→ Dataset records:
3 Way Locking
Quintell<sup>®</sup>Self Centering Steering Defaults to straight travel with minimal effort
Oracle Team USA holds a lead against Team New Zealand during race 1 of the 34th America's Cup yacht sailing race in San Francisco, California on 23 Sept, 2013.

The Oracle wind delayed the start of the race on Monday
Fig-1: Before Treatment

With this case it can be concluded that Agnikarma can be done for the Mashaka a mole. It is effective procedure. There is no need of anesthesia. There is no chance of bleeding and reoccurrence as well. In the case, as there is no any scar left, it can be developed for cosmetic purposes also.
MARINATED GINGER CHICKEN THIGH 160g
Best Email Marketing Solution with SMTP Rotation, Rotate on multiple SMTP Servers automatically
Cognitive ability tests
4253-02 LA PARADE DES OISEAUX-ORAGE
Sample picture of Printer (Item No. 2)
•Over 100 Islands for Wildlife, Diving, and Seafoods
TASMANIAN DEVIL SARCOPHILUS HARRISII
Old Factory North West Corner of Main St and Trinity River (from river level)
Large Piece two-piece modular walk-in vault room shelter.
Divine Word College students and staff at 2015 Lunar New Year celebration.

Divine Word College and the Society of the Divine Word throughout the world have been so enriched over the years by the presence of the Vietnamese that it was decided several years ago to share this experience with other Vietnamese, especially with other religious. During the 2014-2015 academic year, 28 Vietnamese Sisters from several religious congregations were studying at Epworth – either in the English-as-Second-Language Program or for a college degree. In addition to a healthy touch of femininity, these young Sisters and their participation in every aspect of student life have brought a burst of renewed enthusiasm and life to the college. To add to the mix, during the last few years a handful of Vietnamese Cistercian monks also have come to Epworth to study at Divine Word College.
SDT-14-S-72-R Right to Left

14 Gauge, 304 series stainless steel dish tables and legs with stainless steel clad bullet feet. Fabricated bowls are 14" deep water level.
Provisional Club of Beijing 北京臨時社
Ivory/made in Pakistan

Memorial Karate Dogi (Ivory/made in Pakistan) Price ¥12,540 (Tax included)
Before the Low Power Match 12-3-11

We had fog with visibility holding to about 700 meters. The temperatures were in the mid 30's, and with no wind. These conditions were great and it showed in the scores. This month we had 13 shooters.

* * *

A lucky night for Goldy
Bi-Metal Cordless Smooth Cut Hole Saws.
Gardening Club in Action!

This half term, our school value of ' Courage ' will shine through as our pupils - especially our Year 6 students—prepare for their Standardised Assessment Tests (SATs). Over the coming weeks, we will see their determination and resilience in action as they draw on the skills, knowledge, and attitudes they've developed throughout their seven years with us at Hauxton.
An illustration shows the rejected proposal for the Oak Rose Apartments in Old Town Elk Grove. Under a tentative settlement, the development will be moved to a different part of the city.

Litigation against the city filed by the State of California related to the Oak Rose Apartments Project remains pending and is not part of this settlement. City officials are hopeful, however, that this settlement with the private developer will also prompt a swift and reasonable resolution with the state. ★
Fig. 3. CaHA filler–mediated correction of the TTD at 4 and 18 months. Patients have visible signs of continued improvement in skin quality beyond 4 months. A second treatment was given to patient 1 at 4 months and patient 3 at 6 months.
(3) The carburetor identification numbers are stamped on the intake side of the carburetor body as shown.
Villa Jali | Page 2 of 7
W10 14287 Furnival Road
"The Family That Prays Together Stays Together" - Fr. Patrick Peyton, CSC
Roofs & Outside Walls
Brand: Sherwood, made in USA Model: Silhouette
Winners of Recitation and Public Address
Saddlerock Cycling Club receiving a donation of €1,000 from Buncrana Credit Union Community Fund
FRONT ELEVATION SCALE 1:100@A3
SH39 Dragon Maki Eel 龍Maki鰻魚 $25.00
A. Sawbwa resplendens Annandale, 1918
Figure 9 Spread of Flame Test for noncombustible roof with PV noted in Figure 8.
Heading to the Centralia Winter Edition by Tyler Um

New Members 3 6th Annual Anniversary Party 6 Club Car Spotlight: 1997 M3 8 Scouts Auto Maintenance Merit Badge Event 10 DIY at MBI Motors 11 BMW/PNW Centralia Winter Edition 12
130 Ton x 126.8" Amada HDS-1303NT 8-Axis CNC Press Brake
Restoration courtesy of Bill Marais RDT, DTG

---

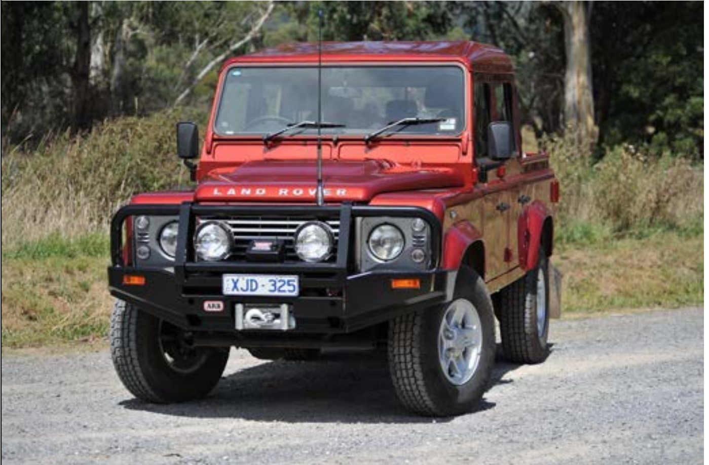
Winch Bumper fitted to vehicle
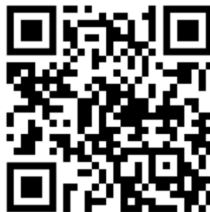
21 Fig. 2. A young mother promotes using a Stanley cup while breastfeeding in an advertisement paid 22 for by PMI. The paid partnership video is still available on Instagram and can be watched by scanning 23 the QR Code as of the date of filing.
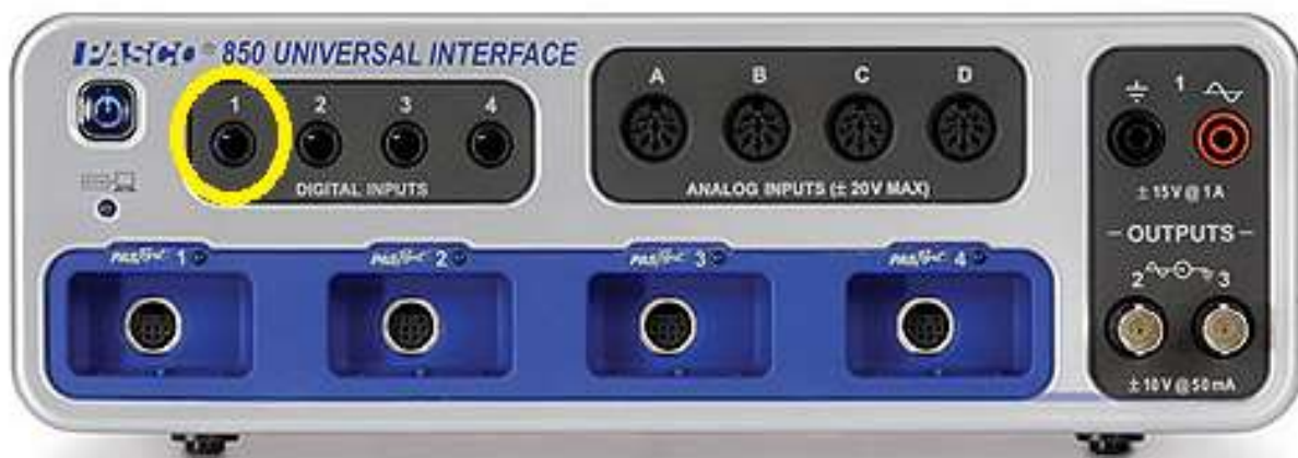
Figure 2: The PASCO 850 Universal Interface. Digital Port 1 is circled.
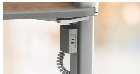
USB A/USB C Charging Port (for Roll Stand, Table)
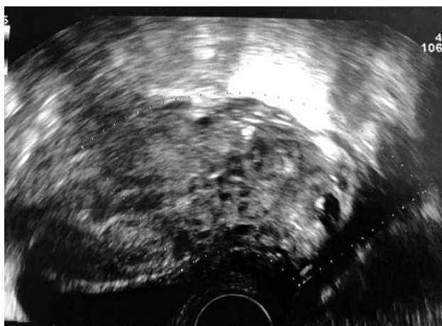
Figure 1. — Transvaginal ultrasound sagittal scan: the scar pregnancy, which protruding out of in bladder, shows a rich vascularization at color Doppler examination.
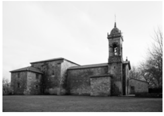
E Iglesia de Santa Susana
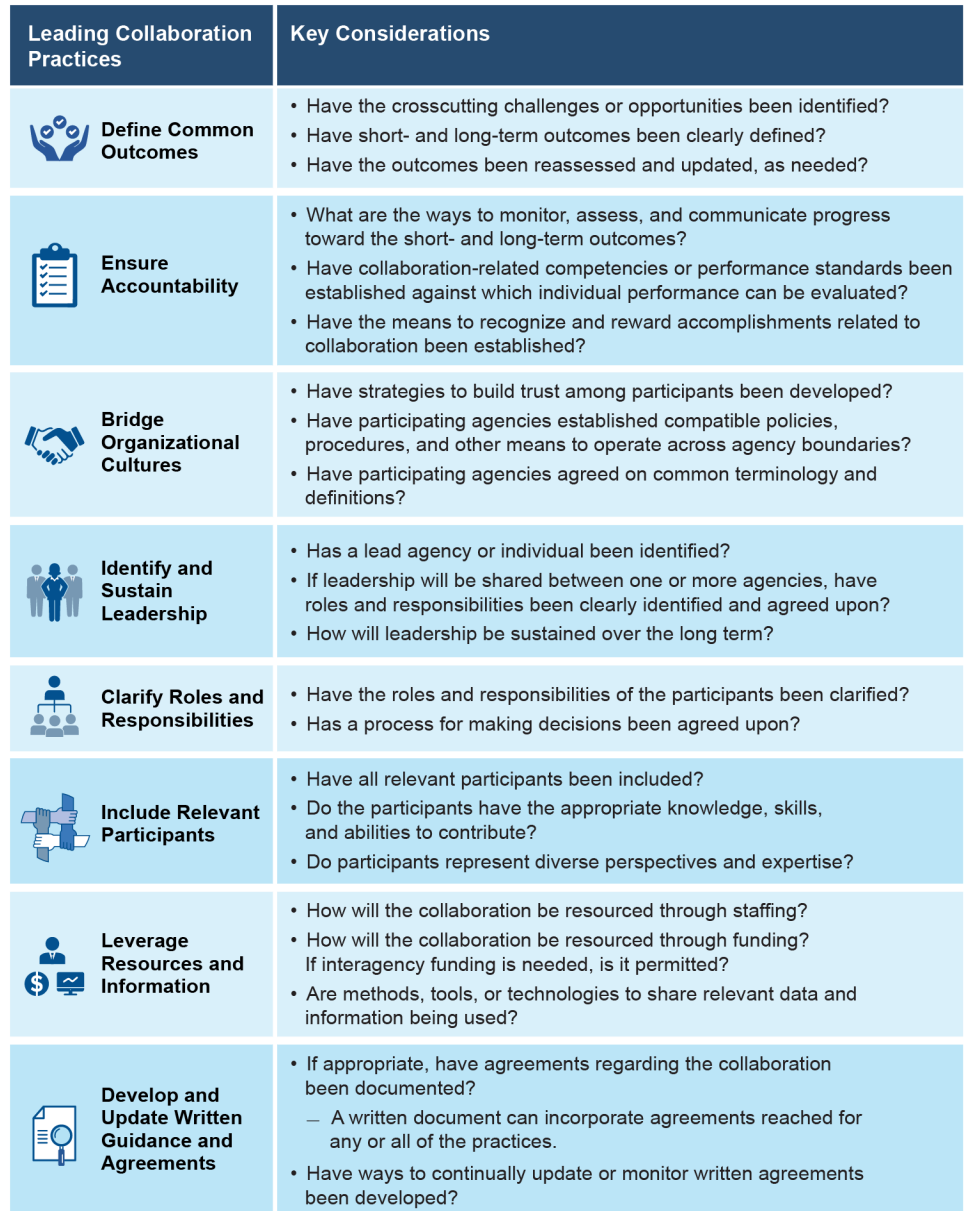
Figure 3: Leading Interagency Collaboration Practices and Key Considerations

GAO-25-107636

→ What you need to do:
Return only the part of the records above that opens with the line containing "3 Way Locking" and closes with the line containing "Before the Low Power Match 12-3-11", ends included.

→ Result of the exercise:
3 Way Locking
Quintell<sup>®</sup>Self Centering Steering Defaults to straight travel with minimal effort
Oracle Team USA holds a lead against Team New Zealand during race 1 of the 34th America's Cup yacht sailing race in San Francisco, California on 23 Sept, 2013.

The Oracle wind delayed the start of the race on Monday
Fig-1: Before Treatment

With this case it can be concluded that Agnikarma can be done for the Mashaka a mole. It is effective procedure. There is no need of anesthesia. There is no chance of bleeding and reoccurrence as well. In the case, as there is no any scar left, it can be developed for cosmetic purposes also.
MARINATED GINGER CHICKEN THIGH 160g
Best Email Marketing Solution with SMTP Rotation, Rotate on multiple SMTP Servers automatically
Cognitive ability tests
4253-02 LA PARADE DES OISEAUX-ORAGE
Sample picture of Printer (Item No. 2)
•Over 100 Islands for Wildlife, Diving, and Seafoods
TASMANIAN DEVIL SARCOPHILUS HARRISII
Old Factory North West Corner of Main St and Trinity River (from river level)
Large Piece two-piece modular walk-in vault room shelter.
Divine Word College students and staff at 2015 Lunar New Year celebration.

Divine Word College and the Society of the Divine Word throughout the world have been so enriched over the years by the presence of the Vietnamese that it was decided several years ago to share this experience with other Vietnamese, especially with other religious. During the 2014-2015 academic year, 28 Vietnamese Sisters from several religious congregations were studying at Epworth – either in the English-as-Second-Language Program or for a college degree. In addition to a healthy touch of femininity, these young Sisters and their participation in every aspect of student life have brought a burst of renewed enthusiasm and life to the college. To add to the mix, during the last few years a handful of Vietnamese Cistercian monks also have come to Epworth to study at Divine Word College.
SDT-14-S-72-R Right to Left

14 Gauge, 304 series stainless steel dish tables and legs with stainless steel clad bullet feet. Fabricated bowls are 14" deep water level.
Provisional Club of Beijing 北京臨時社
Ivory/made in Pakistan

Memorial Karate Dogi (Ivory/made in Pakistan) Price ¥12,540 (Tax included)
Before the Low Power Match 12-3-11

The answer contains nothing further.